August 2, 2012 · 0 Comments
By Dean Baker:
The NYT had a truly bizarre piece that at least implicitly portrayed Japan unfavorably compared with the United States for having an over-valued currency. The second paragraph tells readers:
“In an echo of a debate that raged in the United States in the 1980s, the government faces growing criticism for doing almost nothing to rein in the yen, despite alarm that the record-high currency is dealing crippling blows to the country’s once all-important export machine. “
The article then goes on to tell readers that Japan’s large number of retirees benefit from a high yen, which means cheap imports. However the high yen hurts young people by making manufacturing less competitive, and thereby reducing employment.
The reason that this piece is so bizarre is that these criticisms would be much more obviously directed at the United States than Japan. The United States has an 8.2 percent unemployment rate. Japan’s unemployment rate is 4.3 percent. Japan has a current account surplus of more than 2.0 percent of GDP, the United States has a deficit of close to 4.0 percent of GDP. If there is a country that could obviously benefit from a lower valued currency it would seem to be the United States.
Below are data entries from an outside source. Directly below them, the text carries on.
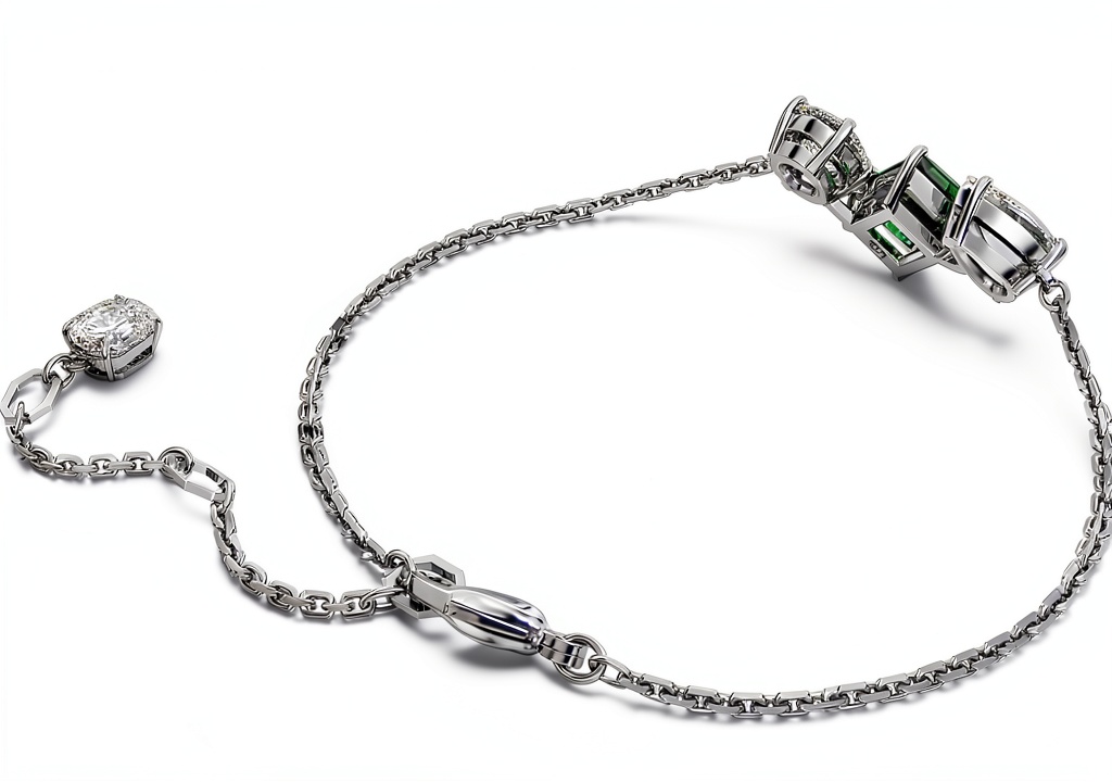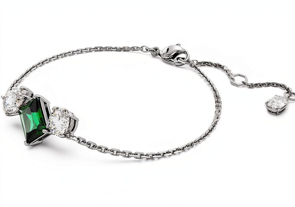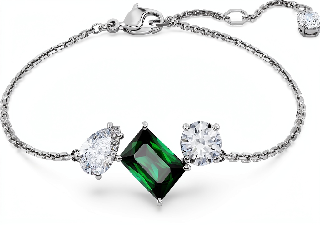 Il bracciale è realizzato con placcatura in rodio e include Swarovski Zirconia, tra cui una pietra centrale verde, garantendo brillantezza e resistenza.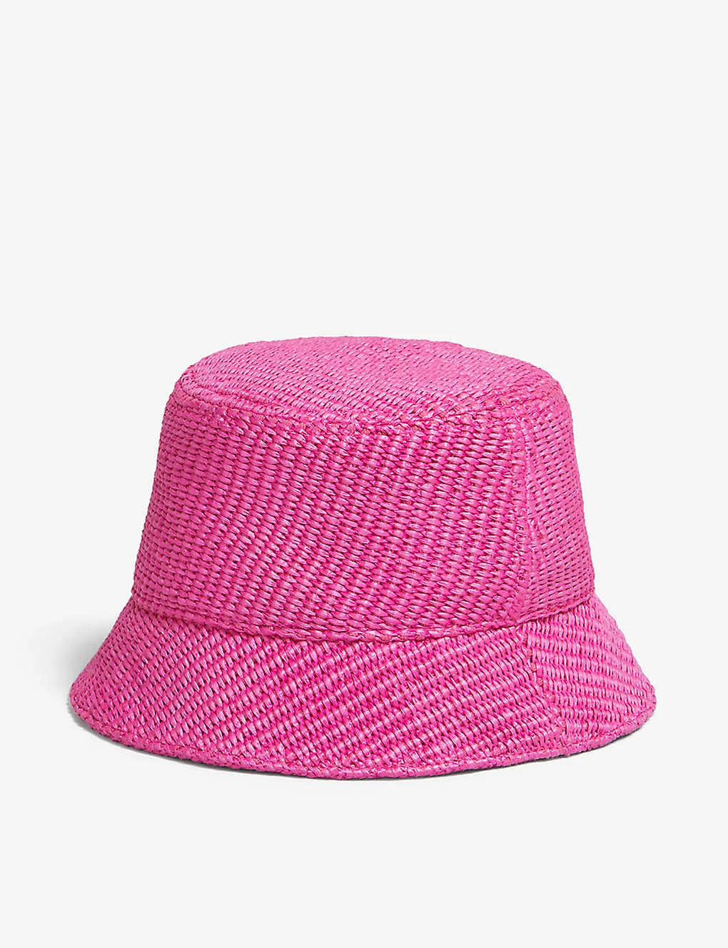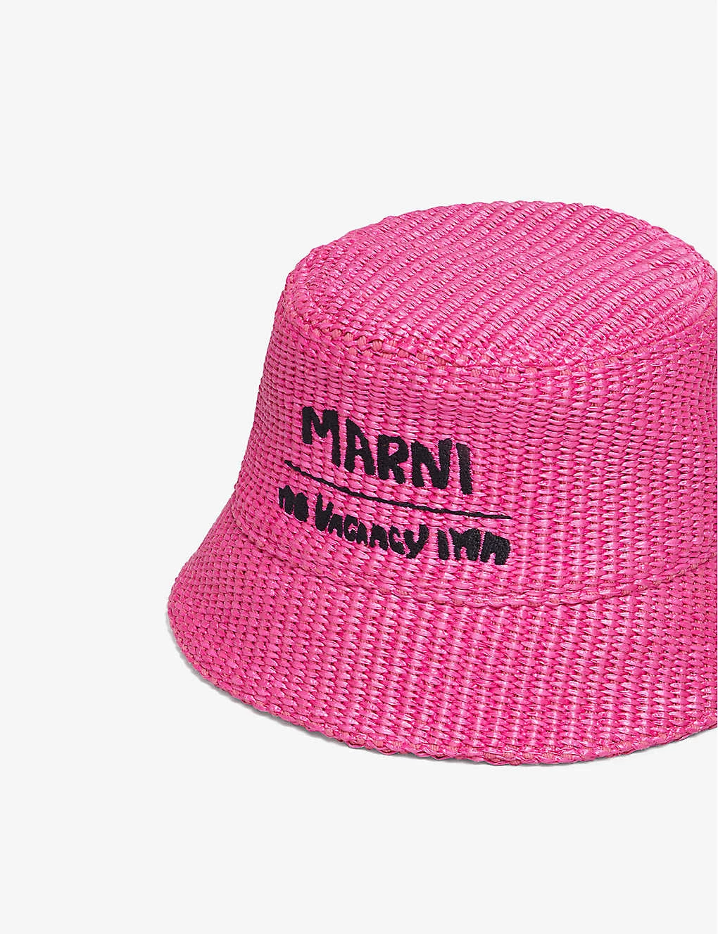 - Bucket shape, wide brim, brand and text embroidery at front, all over raffia pattern, internal sweatband and brand tab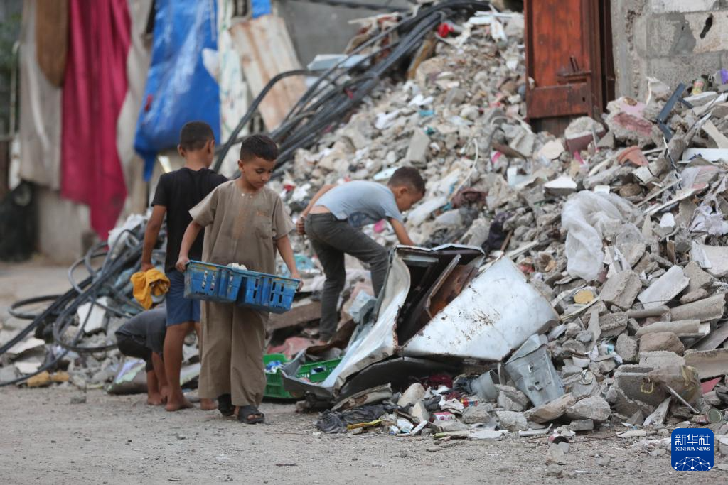 2024年9月3日,孩子们在加沙地带中部努赛赖特难民营的一处建筑废墟中搜寻物品。

Remarkably, while the value of the currency is apparently a hotly debated issue in Japan (at least according to the NYT), it is rarely mentioned in the United States. This could be due to the fact that more powerful interests than retired workers support an over-valued dollar in the United States.
The financial sector typically supports an over-valued currency since it reduces the risk of inflation and it makes them bigger actors overseas. Also, major retailers like Wal-Mart have established extensive supply networks overseas that rely on being able to buy goods cheaply. Most major manufacturers have also established subsidiaries in China and other countries with low wages.
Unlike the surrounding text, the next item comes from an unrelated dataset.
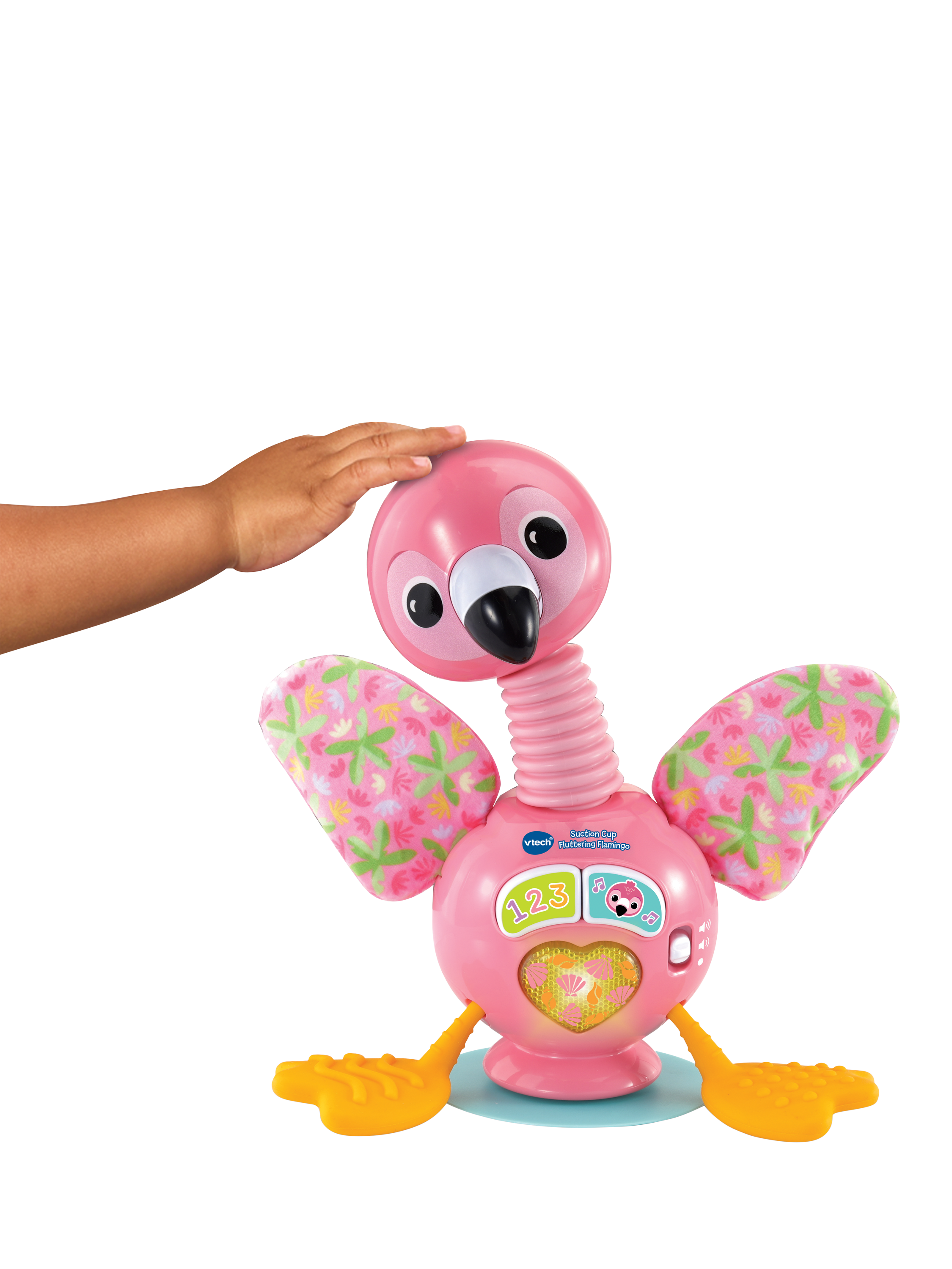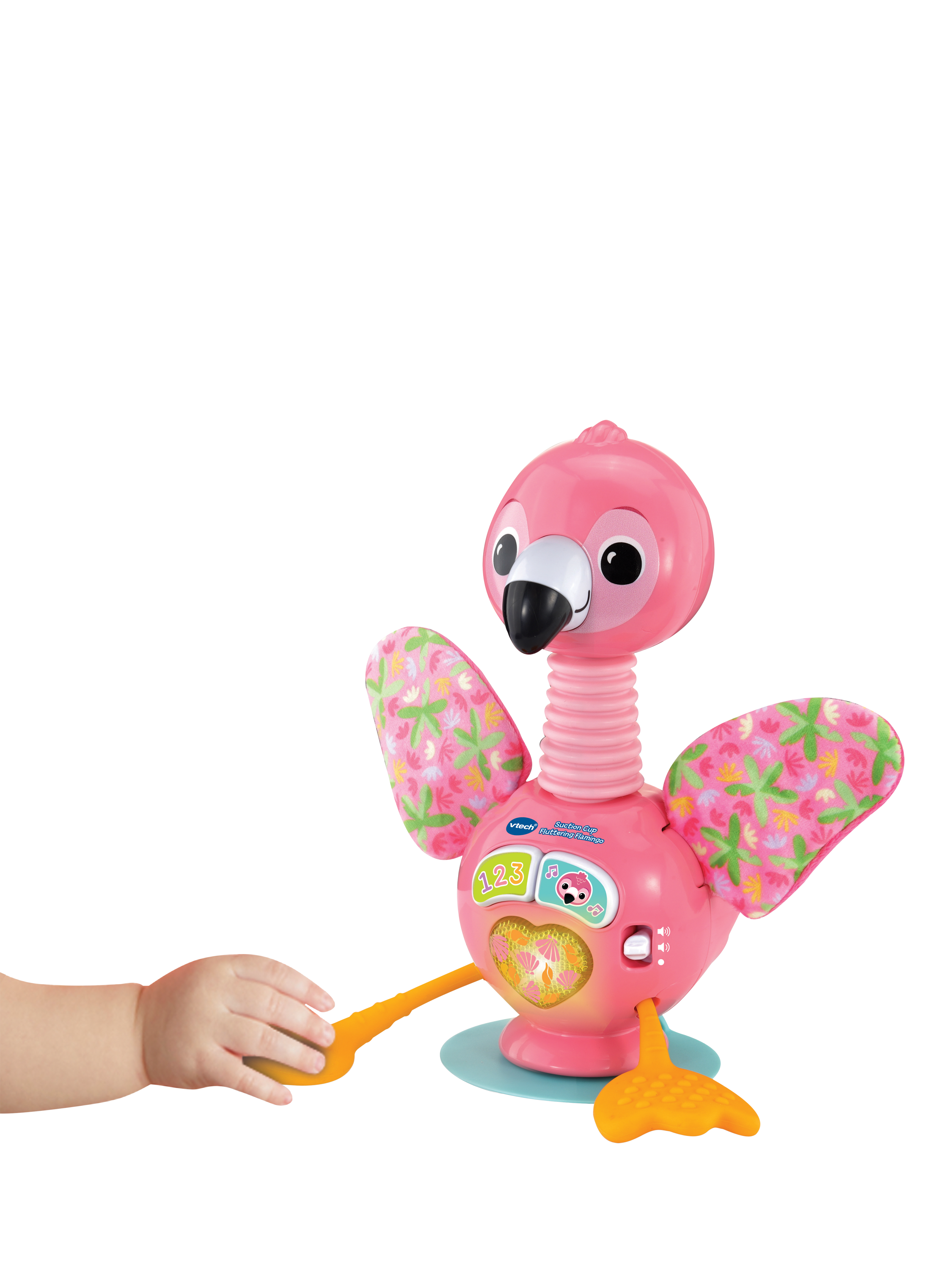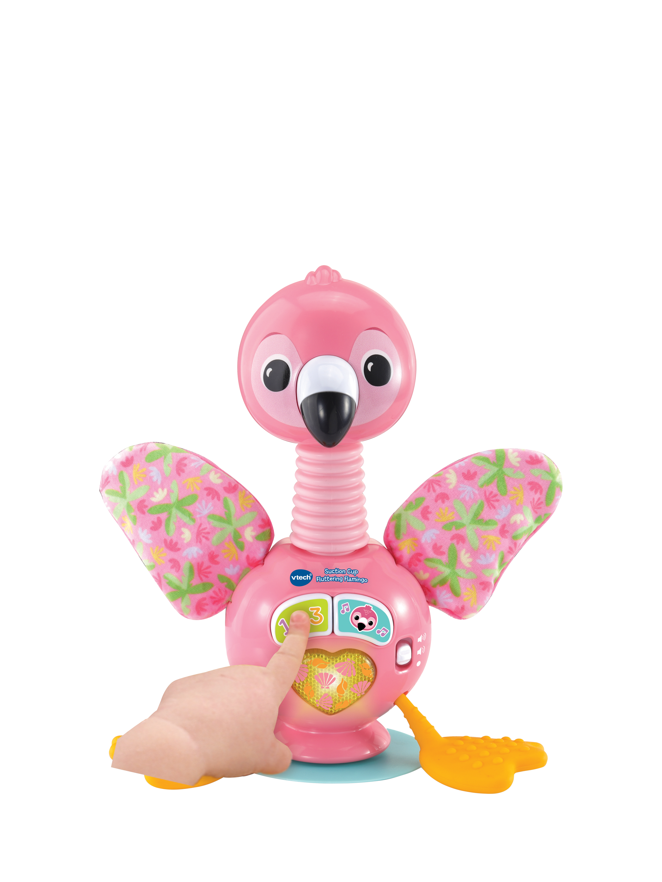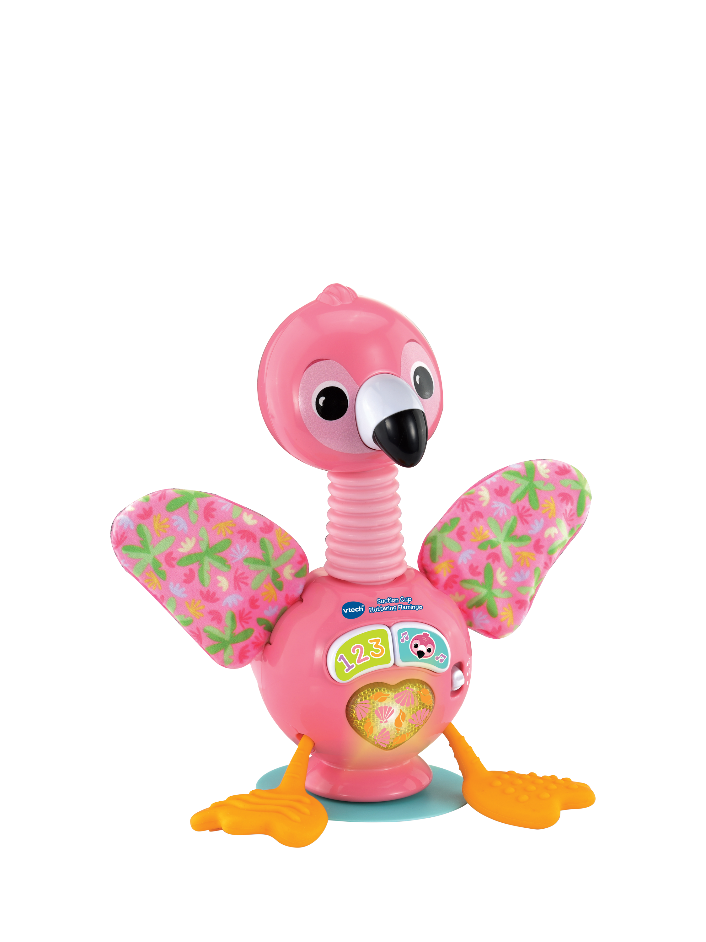 The toy includes a variety of textures and movements to encourage exploration and tactile discovery. Its secure suction base keeps it steady on highchairs or tables. Babies will love bending the flamingo's neck to see its head wobble and pulling the soft, textured silicone legs for a fun surprise.

These powerful interest groups would strongly resist any effort to lower the value of the dollar and thereby make U.S. goods more competitive in world markets. This could explain why the value of the currency is debated in Japan, while the NYT tells us that is only a matter of historical concern (the 1980s) in the United States.
One fun tidbit in this piece is that it tells us that in the midst of the crisis, Japan became a “haven for investors:”
“After the crisis began, raising doubts about the soundness of American and European banks and the ability of governments to stand behind them, the tide of money reversed. Japan, with its huge security cushion of domestic savers, suddenly became a haven for investors, driving the yen up.”
That’s right, a country with a debt to GDP ratio of more than 230 percent is a haven for investors. Doesn’t that make you worry about those big deficits that Obama is running up?